Question

If \[ k=\tan\!\left(\frac{\pi}{4}+\frac{1}{2}\cos^{-1}\!\left(\frac{2}{3}\right)\right) +\tan\!\left(\frac{1}{2}\sin^{-1}\!\left(\frac{2}{3}\right)\right), \] then the number of solutions of the equation \[ \sin^{-1}(kx-1)=\sin^{-1}x-\cos^{-1}x \] is:

Hint:

Always check the {range} of inverse trigonometric expressions before solving equations—many algebraic solutions may be extraneous.

Answer 1

Correct Answer: 1

Concept: This problem combines inverse trigonometric identities with equation solving.

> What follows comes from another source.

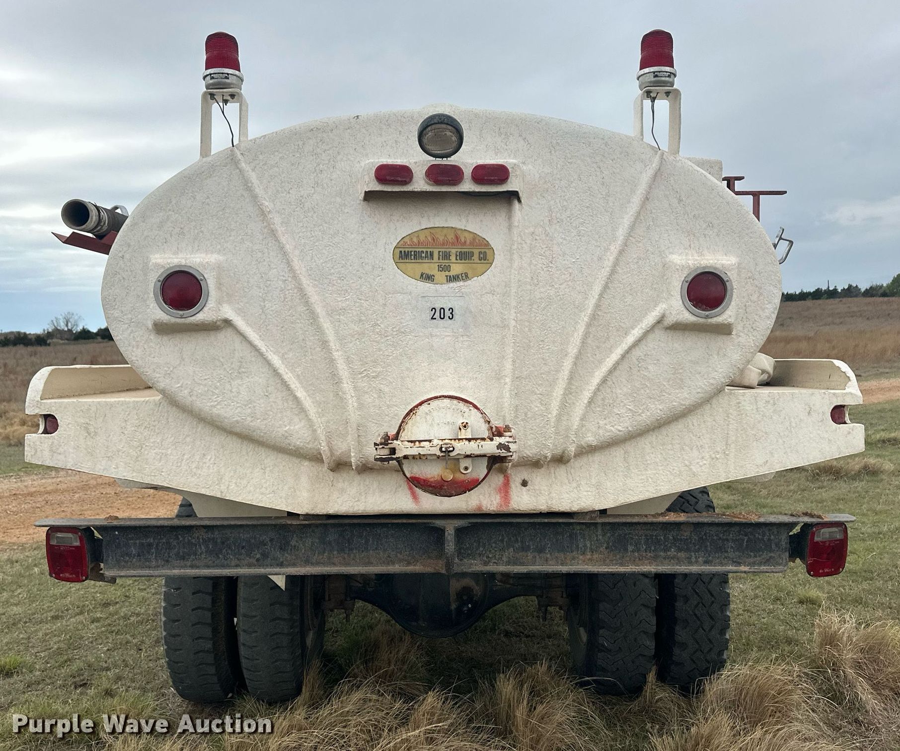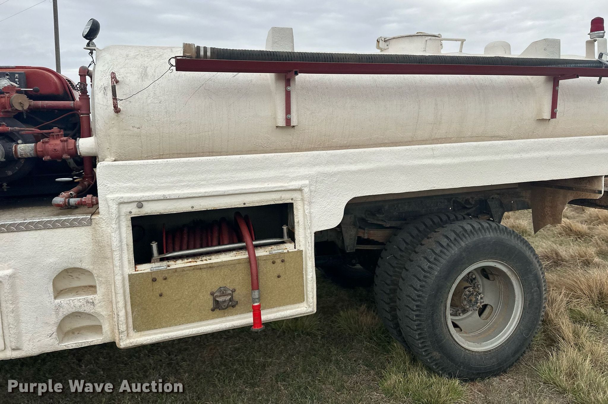 1981 GMC 7000 tank truck. Miles: 12,077 on odometer, VIN: 1GDL7D2E2BV584072. Engine Cylinders: 8, Fuel type: Gas. Transmission Manual, Speed: 5. Chassis Four wheel drive, Axles: Single, Suspension: Spring, Brakes: Hydraulic. Interior Heat. Features Bed / tank 16' 6" L x 96" W, Hose reel, Top fill, Rear drain: 8". Tires Size: 10.00-20. Oklahoma classic title. Title distribution may be delayed up to 14 days from verification of funds. James Sweet. Vici, OK 73859

First, simplify the constant \( k \) using standard half–angle identities. Then reduce the equation using identities involving inverse sine and cosine, carefully applying domain restrictions.
Step 1: Evaluate the value of \( k \) Let \[ \alpha=\cos^{-1}\!\left(\frac{2}{3}\right) \Rightarrow \sin\alpha=\frac{\sqrt5}{3} \] Using the identity: \[ \tan\frac{\alpha}{2}=\frac{1-\cos\alpha}{\sin\alpha} \] \[ \tan\frac{\alpha}{2} =\frac{1-\frac{2}{3}}{\frac{\sqrt5}{3}} =\frac{1}{\sqrt5} \] Now, \[ \tan\!\left(\frac{\pi}{4}+\frac{\alpha}{2}\right) =\frac{1+\tan(\alpha/2)}{1-\tan(\alpha/2)} =\frac{1+\frac{1}{\sqrt5}}{1-\frac{1}{\sqrt5}} =\frac{3+\sqrt5}{2} \] Next, let \[ \beta=\sin^{-1}\!\left(\frac{2}{3}\right) \Rightarrow \cos\beta=\frac{\sqrt5}{3} \] \[ \tan\frac{\beta}{2} =\frac{1-\cos\beta}{\sin\beta} =\frac{3-\sqrt5}{2} \] Hence, \[ k=\frac{3+\sqrt5}{2}+\frac{3-\sqrt5}{2}=3 \]
Step 2: Simplify the given equation Substitute \( k=3 \): \[ \sin^{-1}(3x-1)=\sin^{-1}x-\cos^{-1}x \] Using the identity: \[ \sin^{-1}x-\cos^{-1}x =\sin^{-1}x-\left(\frac{\pi}{2}-\sin^{-1}x\right) =2\sin^{-1}x-\frac{\pi}{2} \] So the equation becomes: \[ \sin^{-1}(3x-1)=2\sin^{-1}x-\frac{\pi}{2} \]
Step 3: Determine the domain For \( \sin^{-1}(3x-1) \) to be defined: \[ -1\le 3x-1\le 1 \Rightarrow 0\le x\le \frac{2}{3} \] For the right-hand side to lie in \( [-\tfrac{\pi}{2},\tfrac{\pi}{2}] \): \[ 0\le \sin^{-1}x\le \frac{\pi}{2} \Rightarrow 0\le x\le 1 \] Hence, the effective domain is: \[ 0\le x\le \frac{2}{3} \]
Step 4: Solve the equation Let \( t=\sin^{-1}x \). Then: \[ \sin(2t-\tfrac{\pi}{2})=3x-1 \] Since \( \sin(2t-\tfrac{\pi}{2})=-\cos 2t \), \[ -\cos 2t=3x-1 \] But \[ \cos 2t=1-2\sin^2 t=1-2x^2 \] So, \[ -(1-2x^2)=3x-1 \Rightarrow 2x^2=3x \Rightarrow x(2x-3)=0 \]
Step 5: Check admissible solutions \[ x=0 \quad \text{or} \quad x=\frac{3}{2} \] Only \( x=0 \) lies in \( [0,\tfrac{2}{3}] \).
Step 6: Verify At \( x=0 \): \[ \sin^{-1}(-1)=-\frac{\pi}{2},\quad \sin^{-1}(0)-\cos^{-1}(0)=0-\frac{\pi}{2}=-\frac{\pi}{2} \] Hence, it satisfies the equation. Final Answer: \[ \boxed{1} \]